The default position is not that everybody is innocent until proven guilty, but everybody is deceitful until proven otherwise. I am talking about fundamental pillars of societal life that include business and its management and leadership.

The trouble is that every time that a bad example makes the headlines, the paranoid assumption is reinforced. And cases reinforcing each of the above statements really abound. People have not woken up one day and decided to assume bad faith. The stereotypes keep reinforcing themselves for very good reasons.

But whatever critical thinking capacity is left in our brains, it should trigger the question, what if this X,Y,Z is genuine, honest, sincere, and in the quest of some goodness? I know, shocking!
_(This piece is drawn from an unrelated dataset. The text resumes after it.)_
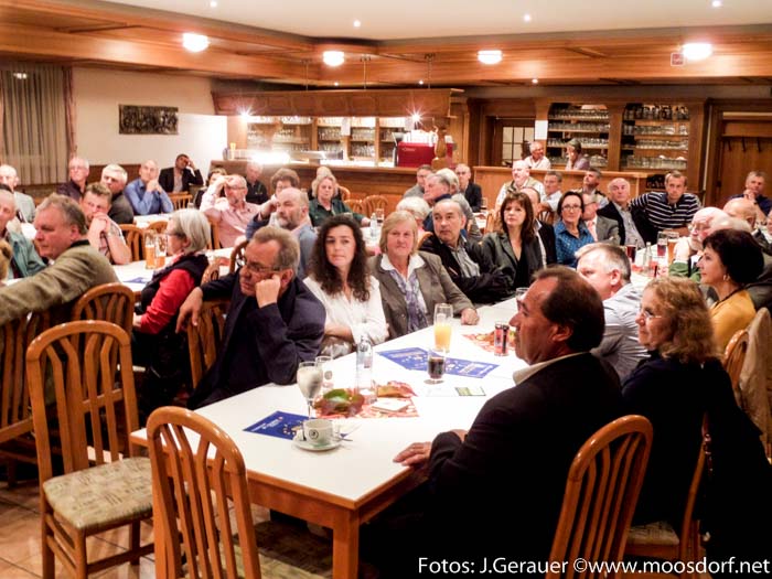 Neben Bezirkshauptmann Dr. Georg Wojak und unseren Priestern, lauschten neben interessierten MoosdorferInnen auch erfreulich viele Gäste aus Nachbargemeinden den Statements. Der lebhafte Dialog entspann sich aus engagierten Fragestellungen aus dem Publikum (Wirtschaft, Politik, Tierschutz, Umwelt uva.) und interessanten, klärenden, vielfach zu erwartenden, aber naturgemäß nicht alle zufriedenstellenden Antworten der EU-Kundigen.

In a Sunday paper today there was a full page dedicated to Starbucks experimenting with ‘conversations over coffee’ about racial equality. The hashtag #RaceTogether was launched with such efficiency that their Director of Global Communications had to delete his twitter account due to so much abuse. For some, ‘how dare them?’ –insert here any reason why ‘they’ should not dare, I suppose. For others, a righteous Harvard professor for example, ‘OMG, you are going to open the door to all kinds of people holding you to all kinds of different standards’, followed by the apocalyptic warning from the sane honourable Business school, ‘Small things can trigger great rage’. Starbucks, you are warned.
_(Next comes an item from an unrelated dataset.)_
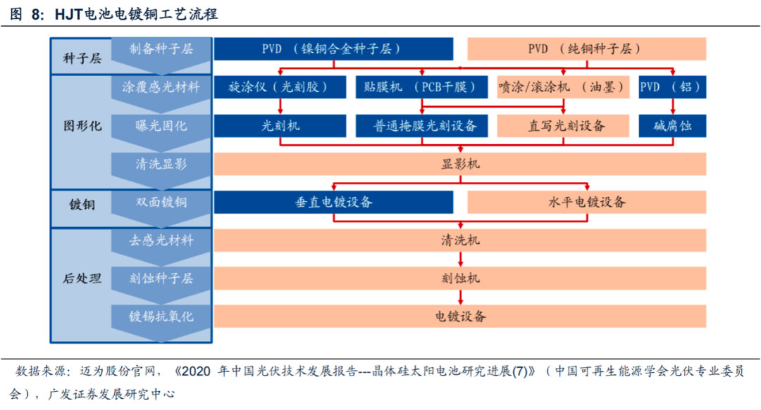 HJT电镀铜工艺包括四个大环节:(1)种子层沉积;(2)图形化;(3)电镀;(4)后处理。各环节内部有不同的技术路线竞争。

What if CEO Howard Schultz was genuine? I am picking on Starbucks as an example because it was in front of me today, but this pattern is everywhere.
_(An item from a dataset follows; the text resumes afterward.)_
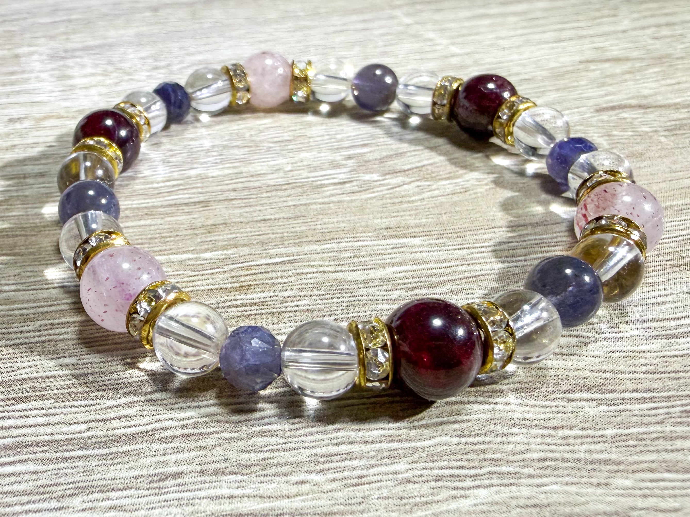 アイオライトとアクアマリン、ザンビア産アイリスクォーツのブレスレット
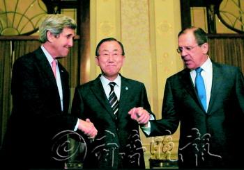 | 21日,瑞士蒙特勒,美国国务卿克里、联合国秘书长潘基文以及俄罗斯外长拉夫罗夫(从左至右)在三边会谈结束后握手合影。 |

For every reinforcement of deceit as the default position, we need to bring some dose of hope, and force ourselves to the perhaps shocking ‘assume goodwill’. This is the only way to leave behind a legacy that our children may be proud of receiving.

Funny, in the same newspaper, an interview with author and playwright James Graham had as a headline his statement: ‘ It’s easy to be cynical. It’s lazy. It’s boring’.

I agree. It’s also a learned response that we are perpetuating by accepting the default position of deceit, making us responsible for an entire generation of disengaged citizens. Most of them in some sort of payroll. And then we expect ’employee engagement’.